Retype the whole listing below exactly, keeping every picture out of it.

___ DATA SEGMENT ___

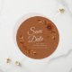 This charming, rustic, yet elegant fall wedding save-the-date card showcases beautiful bloom of garden mum and foliage in golden brown and beige tones on a soft off-white and toffee brown background. Romantic falling autumn leaves evoke feelings of cozy, peaceful love that stands the test of time. The wording can be customized to fit your preferences.
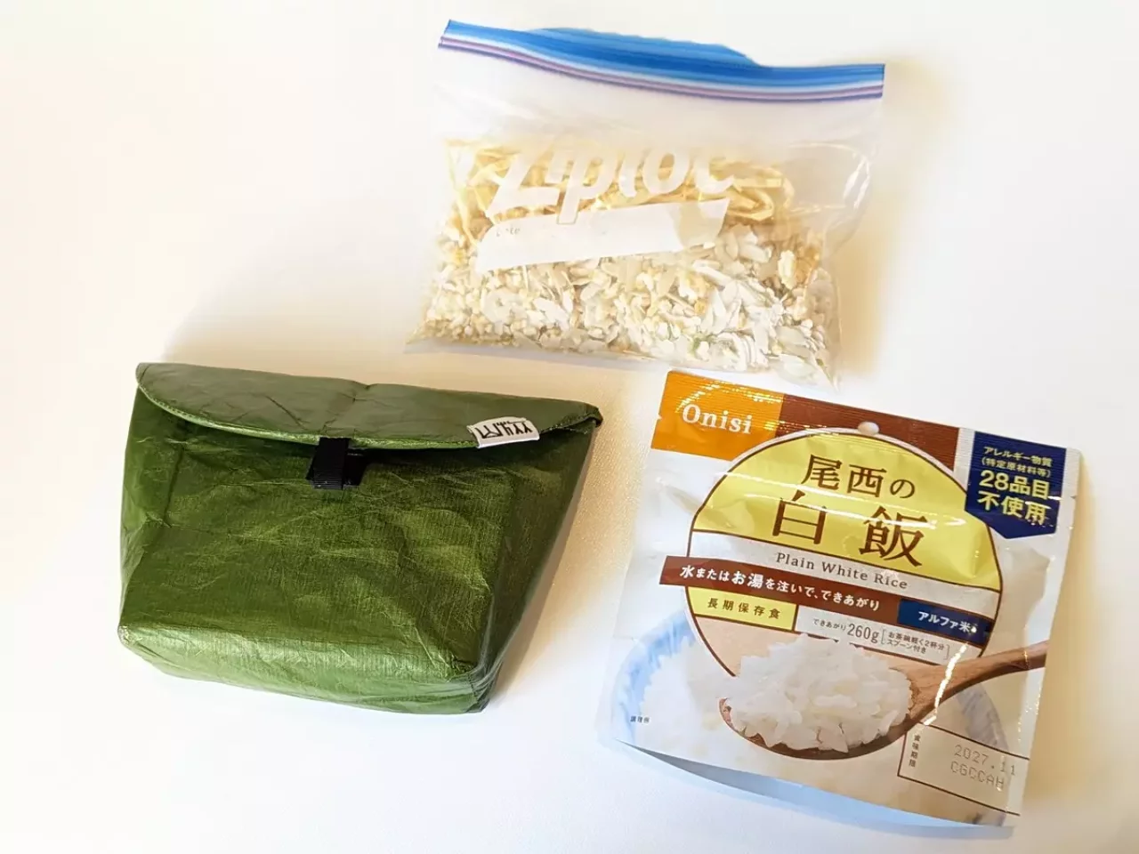 ジップロックのフリーザーバッグSに、Amazonで購入できるライスフレークをベースに、フリーズドライ、乾燥食材などを入れて自分好みの味にアレンジしたら行動食の出来上がりです。
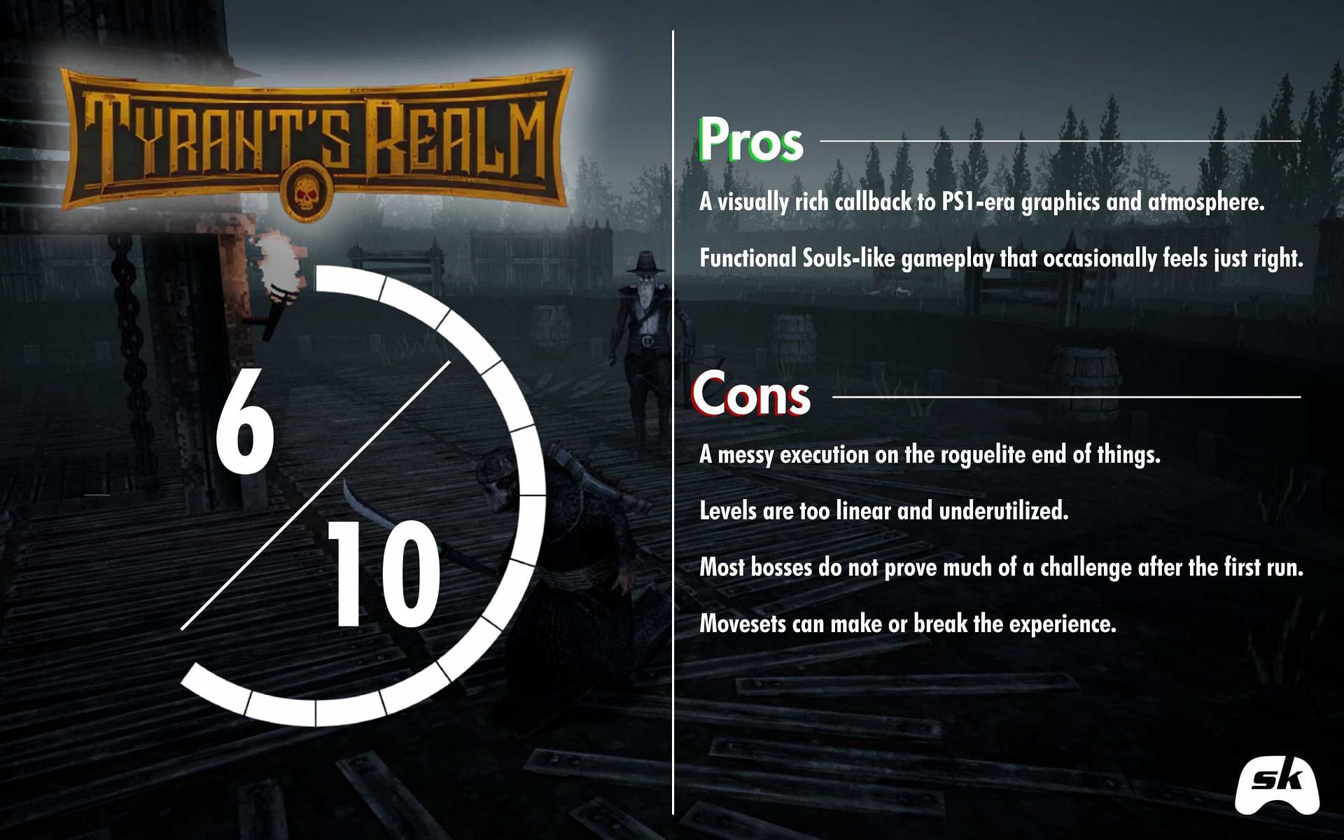 Ultimately, some questionable design choices and hit-or-miss movesets deflate what is otherwise a great Souls-like proof of concept. The salvageable portions of Tyrant's Realm make it a fun few hours till you hit your first serviceable gear combo and end the run.

___

# EXERCISE SOLUTION
 This charming, rustic, yet elegant fall wedding save-the-date card showcases beautiful bloom of garden mum and foliage in golden brown and beige tones on a soft off-white and toffee brown background. Romantic falling autumn leaves evoke feelings of cozy, peaceful love that stands the test of time. The wording can be customized to fit your preferences.
 ジップロックのフリーザーバッグSに、Amazonで購入できるライスフレークをベースに、フリーズドライ、乾燥食材などを入れて自分好みの味にアレンジしたら行動食の出来上がりです。
 Ultimately, some questionable design choices and hit-or-miss movesets deflate what is otherwise a great Souls-like proof of concept. The salvageable portions of Tyrant's Realm make it a fun few hours till you hit your first serviceable gear combo and end the run.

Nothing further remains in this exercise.